Das Planungsbüro wurst.wisotzki fertigte dann die Planungsunterlagen, stimmte sich mit der Denkmalbehörde ab, formulierte die Zuschussanträge. Stahl sagte, er hoffe bei der Gewährung der Zuschüsse auf so viel Wohlwollen, wie dies in ersten persönlichen Gesprächen mit den zuständigen Behörden gegenüber dem Verein und seinem „dicken Projekt“ bereits zu spüren gewesen sei.

Stahl vergaß nicht, die vielen tausend Stunden ehrenamtlicher Arbeit seitens des Schwäbischen Albvereins zu erwähnen, mit der vor Jahren der Zerfall der Ruine gebremst wurde. „Ohne diese Vorarbeit würde es sich heute sicherlich nicht mehr lohnen, Zeit und Geld in die Ruine zu investieren.“

So aber schon: in rund zwölf Monaten werde man den Abschluss der Sanierungsarbeiten feiern und damit ein neues Kapitel der Nutzung der Burg aufschlagen können. Man wolle für die Burg ein Nutzungskonzept erarbeiten.

Unter dem Titel „Zwei Türme für die Heimat“ mit entsprechendem Inhalt hoffe man, in die Förderung des europäischen Leader-Programms aufgenommen zu werden.

Diamant im touristischen Diadem

„Wir wissen, dass diese Burganlage eine der Diamanten im touristischen Diadem des südwestlichen Landkreises ist“, so Stahl.
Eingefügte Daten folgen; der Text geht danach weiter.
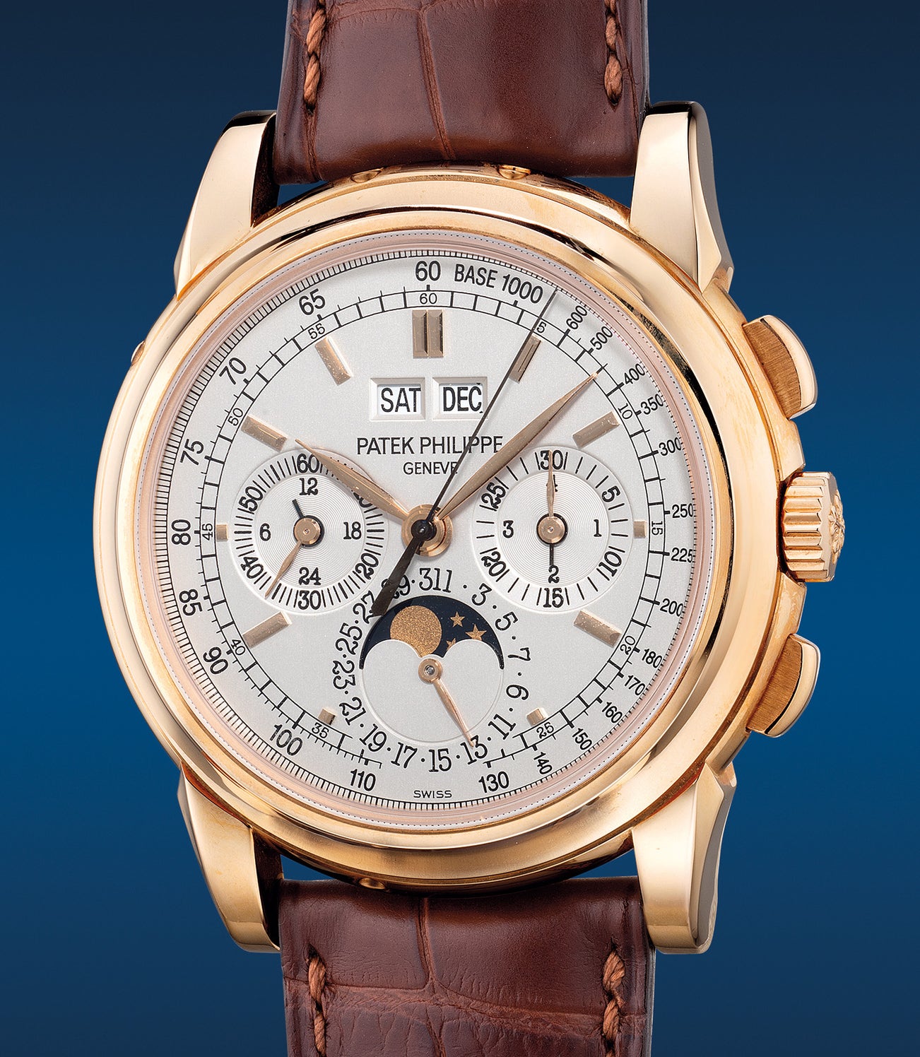 百達翡麗,型號5970R-001, 非常精細,玫瑰金計時萬年曆腕錶,備閏年、月相顯示,約2010年製。附原裝證書、錶盒、備用底蓋、調整筆

Neben der Charlottenhöhle, dem Archäopark, der Mahlmühle Burgberg, Steiff sowie der Landschaft an Lone und Hürbe sei sie ein wichtiges Pfund in der Naherholung und dem sanften Tourismus.

Aber: weitere Unterstützung wird nötig sein, so Stahl, denn mit der Mauersanierung seien die Arbeiten auf der Burg nicht beendet, Themen wie die Sanierung der Kellergewölbe in den Türmen, die Beseitigung von Steinschäden, auch Fragen wie Wasser, Abwasser und Strom stünden auf der Agenda.

Zunächst aber geht es um die Ostmauer: man werde bei der Sanierung denkmalgerecht vorgehen, betonten Franziska Wisotzki vom Planungsbüro und Bauleiterin Sandra Huth. Entsprechende Materialien werde man verwenden und keinesfalls einfach „Beton reinschütten“. Vorhandenes Material soll so gut es geht verwendet werden, alles mit dem Ziel, wieder eine geschlossene Mauer zu erhalten.

Dass die Arbeiten nicht einfach sein werden, war nach den Erläuterungen von Georg Suckmann von der ausführenden Baufirma Wolfsholz klar: mit vier Mann auf der Baustelle müsse man bei der Sanierung in Abschnitten vorgehen. Wenn eine innere Stabilität besteht, sollen 80 Erdanker, je acht bis neun Meter lang, für die äußere Stabilität der Mauer sorgen – so ein Detail seiner Vorschau. Eine spannende Bauzeit steht bevor.